WHAT YOU HAVE TO DO » In this exercise, retype exactly the lines from the start of the entries through the line bearing "博多の料理人が丹精込めて焼き", leaving every picture out.

DATA TO EXAMINE »
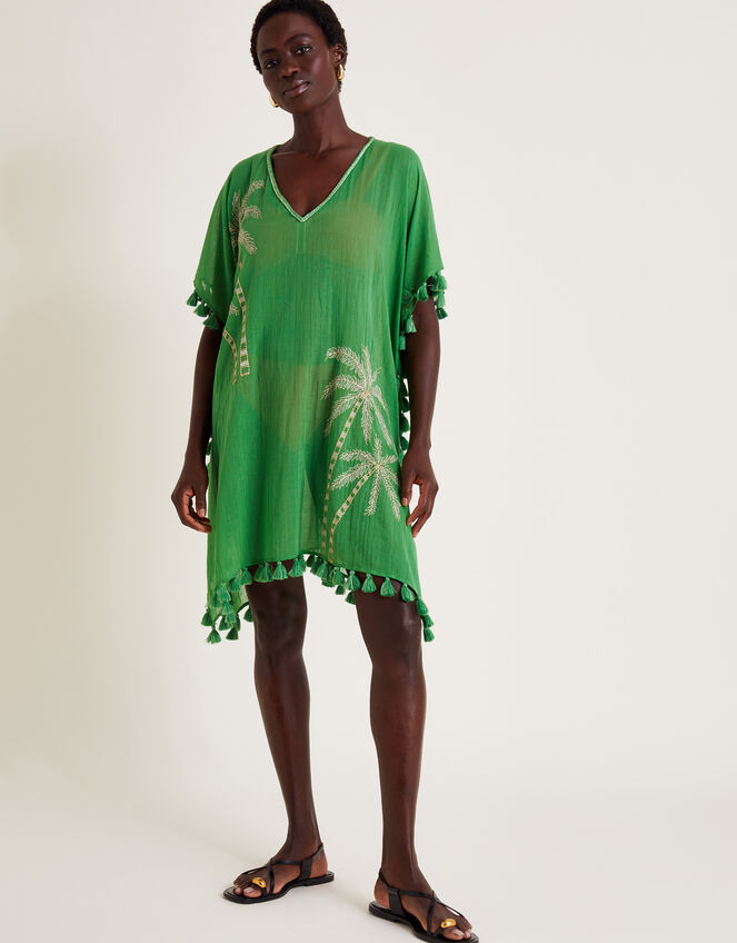 Destination dressing. Adorned with golden palms and tassel trim, this lighter-than-air cotton kaftan features a relaxed V-neck and a mini-length hem. A timeless suitcase staple to effortlessly slip on over swimwear. Green
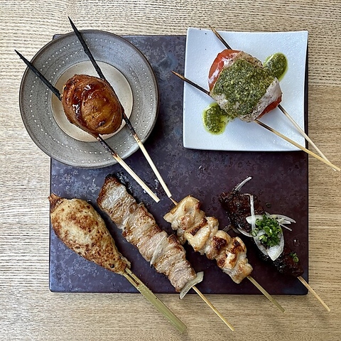 博多の料理人が丹精込めて焼き上げた絶品串焼きをご提供。ソムリエ厳選のお酒とのマリアージュも楽しめます
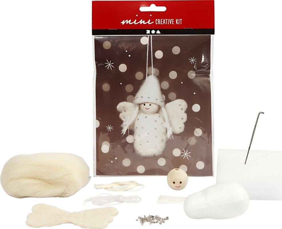 Materialsett for 1 nål tovet engel med filtvinger dekorert med rocai-perler.
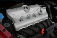 The other engine now featured in the New Beetle is a 2.5-litre inline-five. From a global perspective, this isn't the first inline five to be wedged under the Beetle's hood; European models were available with an odd 2.3- litre V5 (no, don't ask) that produced up to 170 horses. It was kind of a redundant model, given the Turbonium-infused 1.8T produced the same amount of power and torque, but it existed nevertheless. The inline-five is completely new, and shares some of its DNA with the V10 engine in its second cousin, twice removed, the Lamborghini Gallardo (no, really, that's what a VW salesman told me...).
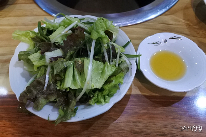 고기에 앞서 나온 반찬은 장아찌류가 많고 샐러드도 맛있어서 취향에 맞았다.
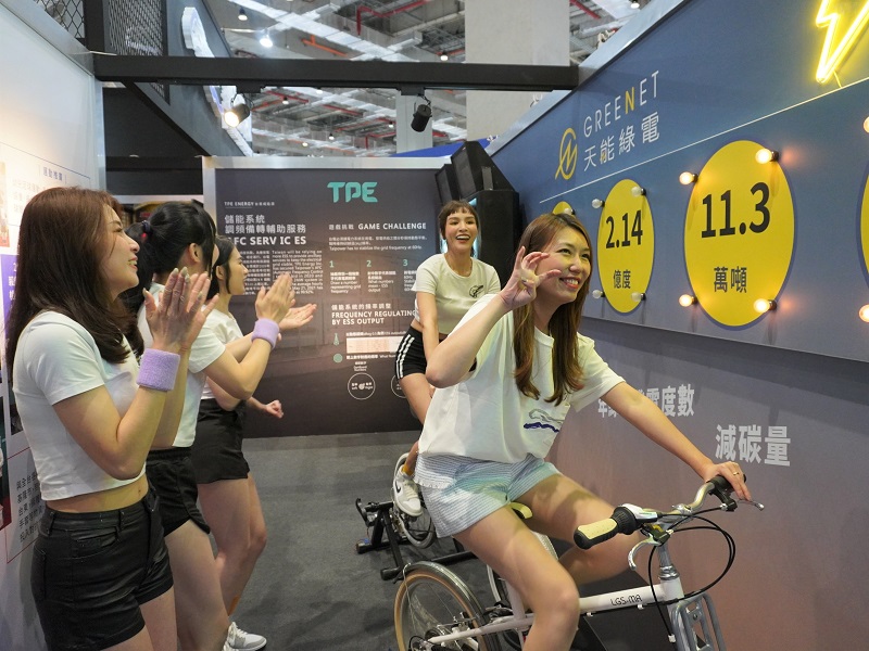 ▲天能綠電於Energy Taiwan展覽中,透過騎腳踏車發電方式,說明售電平台理念,雲豹能源總經理趙書閔(右)親自示範踩腳踏車發電遊戲。

RESULT FOR THIS EXERCISE »
 Destination dressing. Adorned with golden palms and tassel trim, this lighter-than-air cotton kaftan features a relaxed V-neck and a mini-length hem. A timeless suitcase staple to effortlessly slip on over swimwear. Green
 博多の料理人が丹精込めて焼き上げた絶品串焼きをご提供。ソムリエ厳選のお酒とのマリアージュも楽しめます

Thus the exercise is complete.